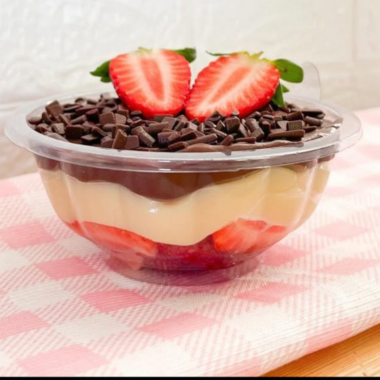 Delicioso Bombom Aberto de Morango revestido por uma camada de creme de Ninho e uma de chocolate meio amargo. 150ml
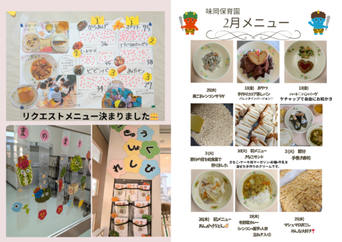 2月の給食では、季節の行事や新しいメニューを取り入れました。
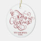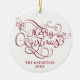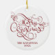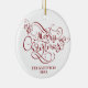 Merry Christmas Script Typography Name Red White Ceramic Ornament
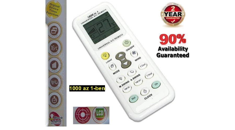 Hatalmas kód tároló kapacitás (vezérelhető kb 1000 különböző világhírű és kevésbé ismert légkondicionálók)
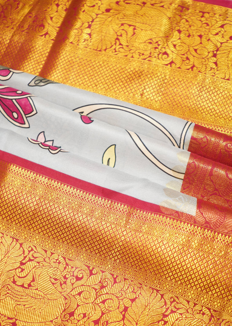 Grey Kanchi Handloom Saree With Kalamkari Design
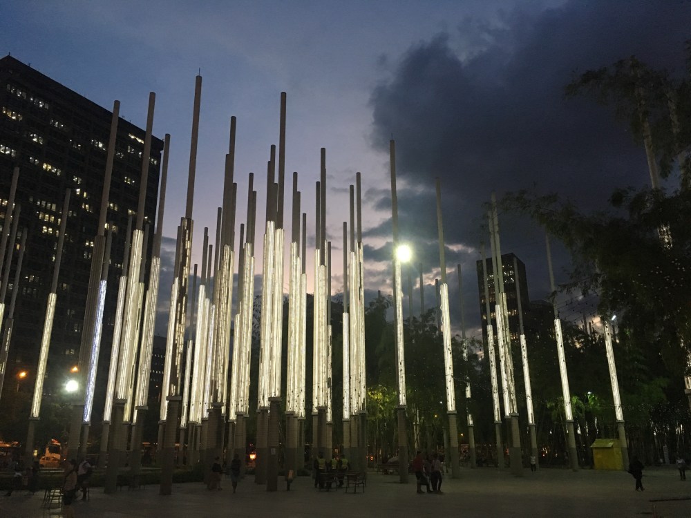 It is right in behind the Biblioteca EPM. You can enjoy a romantic stroll here at night or bring the kids to run around. It looks like a cluster of light sabers.
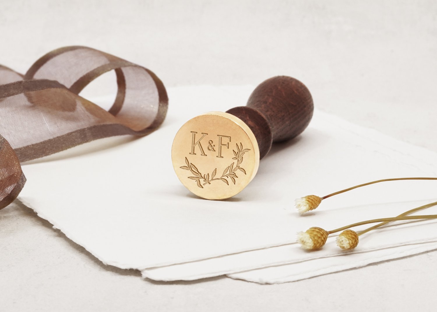 Forsegl bryllupsinvitationerne med et personligt og unikt laksegl stempel. Designet bliver som på fotoet, men fremtilles med brudeparrets initialer. Gæsterne vil elske at åbne deres invitationer, når de ser det smukke aftryk på omslaget om invitationen og bagsiden af kuverten, så glem alt om klisterbånd og lim! Ønskes monogrammet også digitalt, kan det tilkøbes her: Monogrammer »
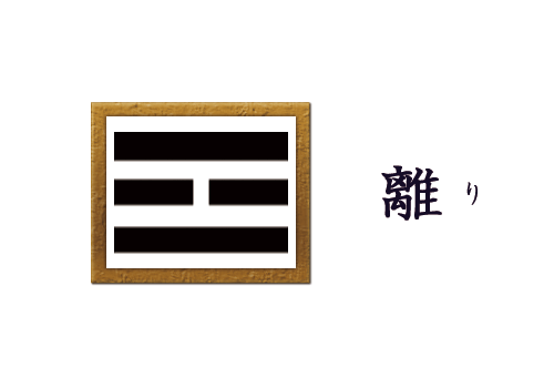 2つの陽爻の間に、陰爻が挟まれている構成が離です。中心は暗くても外側は輝いているという形から、火の象徴とされます。すべてのものを照らし、識別する知識や正しさを示す八卦の1つでもあります。また、明るさ、美しさ、明晰さなどの意味を持ち、装飾や美麗、情熱や競争、発明なども表してもいます。
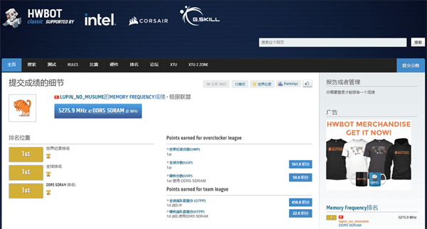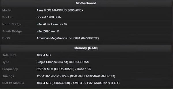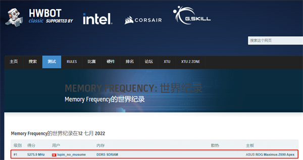 本次除了华硕ROG MAXIMUS Z690 APEX主板外,还使用英特尔酷睿i9-12900K处理器,经过精心调校,最终实现了10552MT/s的DDR5内存频率,位居HWBOT内存超频纪录榜首位。
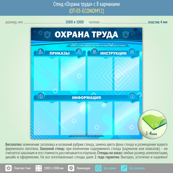 Стенд «Охрана труда» с 8 карманами (OT-05-ECONOMY2) в Твери купить
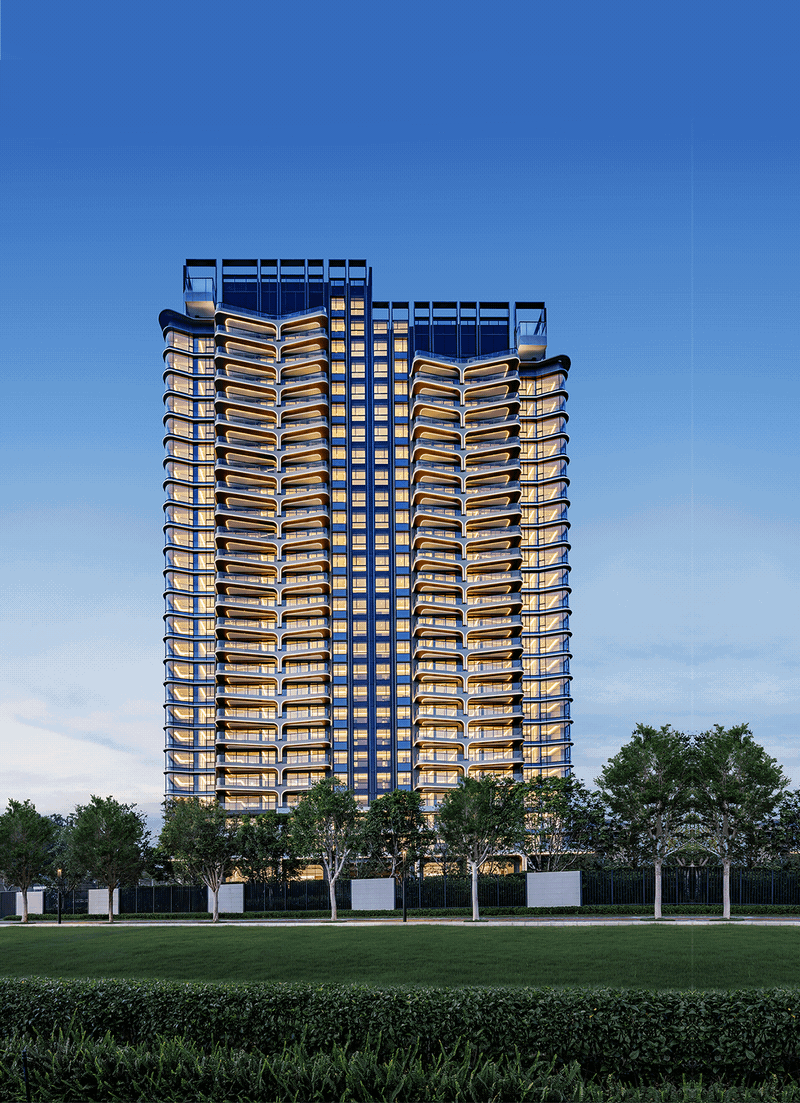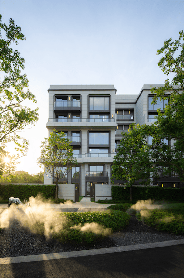 项目建筑采用全幕墙弧形立面,以干挂石材+铝板+玻璃的高端搭配,融合新古典主义风格与现代美学,既彰显豪宅质感,又与周边自然景观和谐共生。园林设计以岛居庄园为主题,打造三轴五境新古典主义园林,灵感源自欧洲庄园中央花园,搭配约800株珍稀小叶榕与2.3公里浓荫江堤,将岭南水乡生态与欧式园林美学完美融合,让业主在城市中轴之上,享受自然静谧的居住氛围。
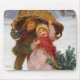 Vintage illustration of a boy and a girl joyfully dragging a holly tree through the winter forest while carrying a basket over their head to protect themselves from the falling snow. Nostalgic oil painting by English artist Frederick Morgan.
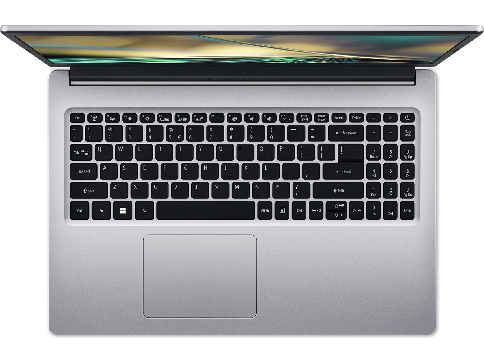 Aspire 3, som väger mindre än 1,81 kg, har ett lågprofiligt gångjärn för en diskret design. Den här produkten finns i färgen Pure Silver och det långvariga batteriet gör att den här enheten kan gå från rum till rum i upp till 9 timmar.
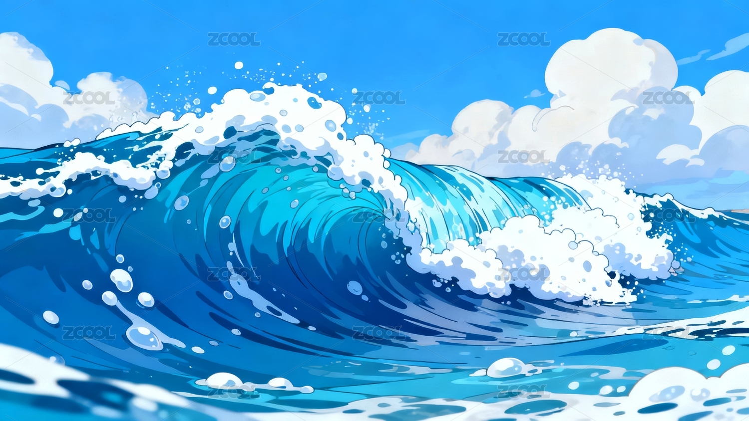 海浪插画,夏天避暑旅行浪花元素概念背景
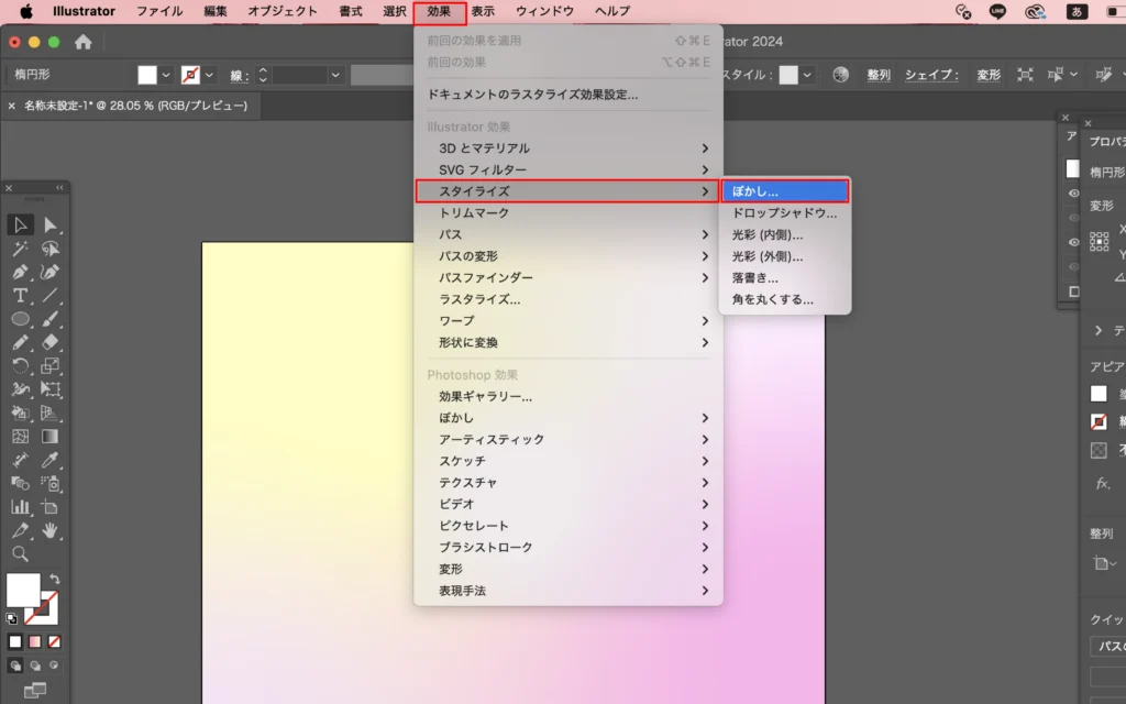 「効果」→「スタイライズ」→「ぼかし」

########################################

◆ WHAT TO DO: Print the material above once more, exactly, minus the pictures.

◆ EXPECTED OUTPUT:
 Delicioso Bombom Aberto de Morango revestido por uma camada de creme de Ninho e uma de chocolate meio amargo. 150ml
 2月の給食では、季節の行事や新しいメニューを取り入れました。
 Merry Christmas Script Typography Name Red White Ceramic Ornament
 Hatalmas kód tároló kapacitás (vezérelhető kb 1000 különböző világhírű és kevésbé ismert légkondicionálók)
 Grey Kanchi Handloom Saree With Kalamkari Design
 It is right in behind the Biblioteca EPM. You can enjoy a romantic stroll here at night or bring the kids to run around. It looks like a cluster of light sabers.
 Forsegl bryllupsinvitationerne med et personligt og unikt laksegl stempel. Designet bliver som på fotoet, men fremtilles med brudeparrets initialer. Gæsterne vil elske at åbne deres invitationer, når de ser det smukke aftryk på omslaget om invitationen og bagsiden af kuverten, så glem alt om klisterbånd og lim! Ønskes monogrammet også digitalt, kan det tilkøbes her: Monogrammer »
 2つの陽爻の間に、陰爻が挟まれている構成が離です。中心は暗くても外側は輝いているという形から、火の象徴とされます。すべてのものを照らし、識別する知識や正しさを示す八卦の1つでもあります。また、明るさ、美しさ、明晰さなどの意味を持ち、装飾や美麗、情熱や競争、発明なども表してもいます。
 本次除了华硕ROG MAXIMUS Z690 APEX主板外,还使用英特尔酷睿i9-12900K处理器,经过精心调校,最终实现了10552MT/s的DDR5内存频率,位居HWBOT内存超频纪录榜首位。
 Стенд «Охрана труда» с 8 карманами (OT-05-ECONOMY2) в Твери купить
 项目建筑采用全幕墙弧形立面,以干挂石材+铝板+玻璃的高端搭配,融合新古典主义风格与现代美学,既彰显豪宅质感,又与周边自然景观和谐共生。园林设计以岛居庄园为主题,打造三轴五境新古典主义园林,灵感源自欧洲庄园中央花园,搭配约800株珍稀小叶榕与2.3公里浓荫江堤,将岭南水乡生态与欧式园林美学完美融合,让业主在城市中轴之上,享受自然静谧的居住氛围。
 Vintage illustration of a boy and a girl joyfully dragging a holly tree through the winter forest while carrying a basket over their head to protect themselves from the falling snow. Nostalgic oil painting by English artist Frederick Morgan.
 Aspire 3, som väger mindre än 1,81 kg, har ett lågprofiligt gångjärn för en diskret design. Den här produkten finns i färgen Pure Silver och det långvariga batteriet gör att den här enheten kan gå från rum till rum i upp till 9 timmar.
 海浪插画,夏天避暑旅行浪花元素概念背景
 「効果」→「スタイライズ」→「ぼかし」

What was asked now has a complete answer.